__Problem statement__
Lines from the one containing "Dăruiește Viață •" through the final line of the data, restated word for word and free of pictures, make up the whole answer.

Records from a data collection
++++++++++
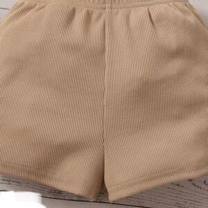 Beige and off white baby girl matching short set with a little ruffle on the shirt
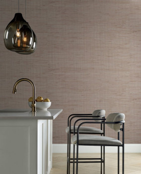 Netradiční přírodní tapeta na zeď - hnědá juta na stříbrném papírovém podkladu.
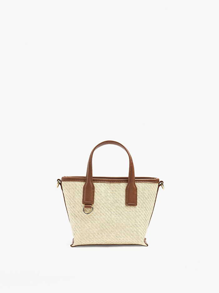 Hasır görünümlü tote çanta. Küçük boy. Astarlı ve iç cepli. Fermuarlı. Sabit tutma sapları. Ayarlanabilir ve çıkarılabilir çapraz askı kayışı dahildir.
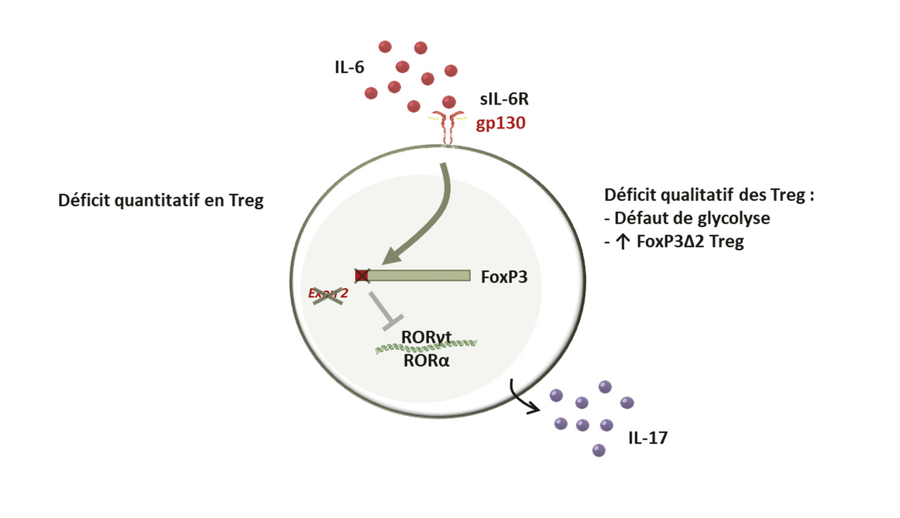 Les lymphocytes Treg jouent un rôle majeur dans les mécanismes de tolérance en raison de leur fonction immunosuppressive. Les Treg sont des cellules suppressives classiquement définies par une forte expression de la chaîne α de l’IL-2 (CD25) et du facteur de transcription FoxP3. Les Treg jouent un rôle décisif dans le maintien de la tolérance vis-à-vis du soi. Ils exercent leur fonction suppressive sur l’activation, la prolifération et les fonctions effectrices de l’ensemble des cellules immunitaires, et en tout premier lieu sur les lymphocytes T. Au cours de l’ACG, il existe un déficit quantitatif en lymphocytes Treg (CD4+CD25highFoxP3+) dans le sang des patients, comparativement à des sujets sains du même âge. De plus, les Treg sont absents des lésions artérielles d’ACG.11 Enfin, plusieurs études ont montré que la fonction immunosuppressive des Treg était altérée au cours de l’ACG comparativement à des sujets sains.17 Ce déficit quantitatif et fonctionnel des Treg au cours de l’ACG est lié à des défauts dans les mécanismes de la glycolyse, ainsi qu’à une augmentation de la proportion de Treg exprimant une isoforme hypofonctionnelle de FoxP3, dépourvue d’exon 2 (FoxP3Δ2), qui a une capacité d’immunosuppression altérée et produit des cytokines pro-inflammatoires comme l’IL-17.4, 17, 18 L’IL-6, qui est augmentée dans le sérum des patients atteints d’ACG, joue un rôle majeur dans l’altération de la réponse Treg au cours de l’ACG. En effet, le blocage de la signalisation de l’IL-6 par le tocilizumab, un anticorps monoclonal antirécepteur de l’IL-6, corrige le déficit quantitatif en Treg circulant, diminue la proportion de Treg déficients en exon 2 de FoxP3 et restaure une grande partie des fonctions immunosuppressives des Treg (
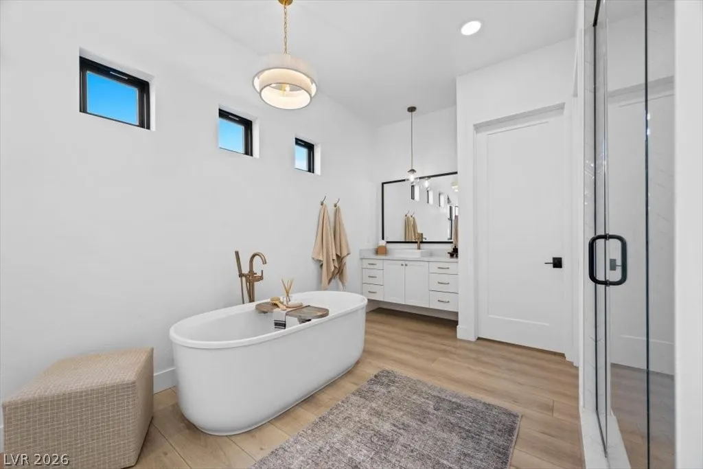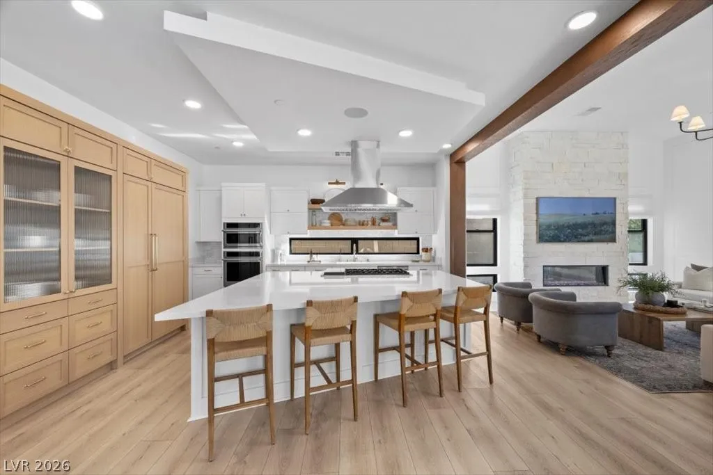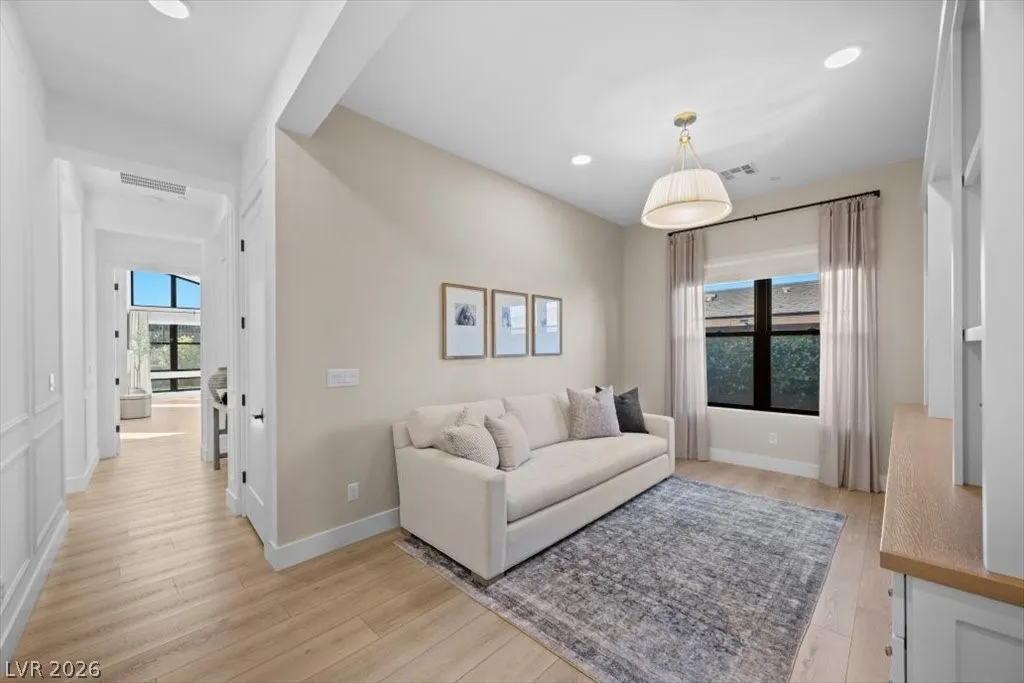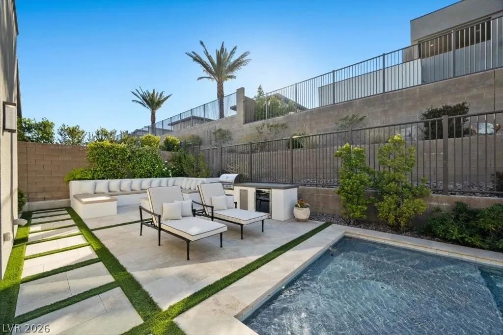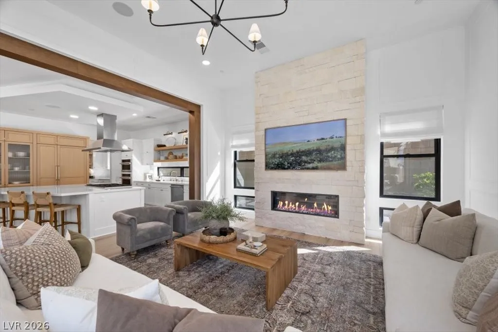 An Achitectural Showpiece, $550k+ in designer upgrades, located in the most desirable part of Summerlin, “West Summerlin”, Neslted within the prestigious Sandalwood Community. This Exceptional Home welcomes you through a “New Upgraded Custom European Glass Pivot Door” into luminous interiors, defined by Rift White Oak Millwork, Bespoke Finishes, & sophisticated modern design. The gourmet kitchen & butler’s pantry feature top-tier appliances, dual ovens, wine refrigerator, & custom cabinetry designed for both elegance & function. The home offers “4” bedrooms plus a Private Den, with thoughtfully designed custom closets throughout. Dramatic floor-to-ceiling fireplaces anchor the living & master bedroom, creating warm yet refined gathering spaces. Expansive Pocket Sliders seamlessly connect indoor & outdoor living to a Tuscan-Inspired Backyard Retreat featuring an oversized spa, built-in BBQ, fire pit lounge, & lush landscaping—an extraordinary setting for luxury living & entertaining.
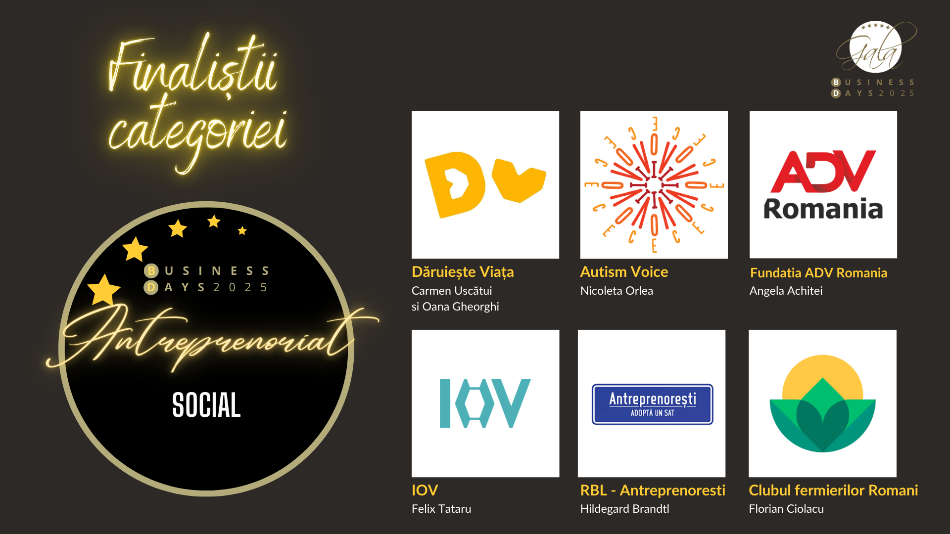 Dăruiește Viață • Autism Voice • Fundația ADV România • IOV • Antreprenorești – Adoptă un sat • Clubul Fermierilor Români
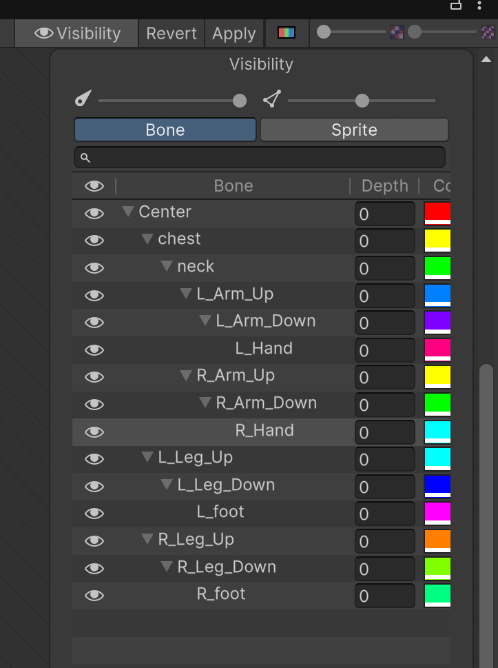 상단의 Visibility를 켜서 본의 이름과 구조를 정리한다. 위 이미지처럼 하이어라키 구조에 유의하여 만든다.
++++++++++
__Answer for this exercise__
 Dăruiește Viață • Autism Voice • Fundația ADV România • IOV • Antreprenorești – Adoptă un sat • Clubul Fermierilor Români
 상단의 Visibility를 켜서 본의 이름과 구조를 정리한다. 위 이미지처럼 하이어라키 구조에 유의하여 만든다.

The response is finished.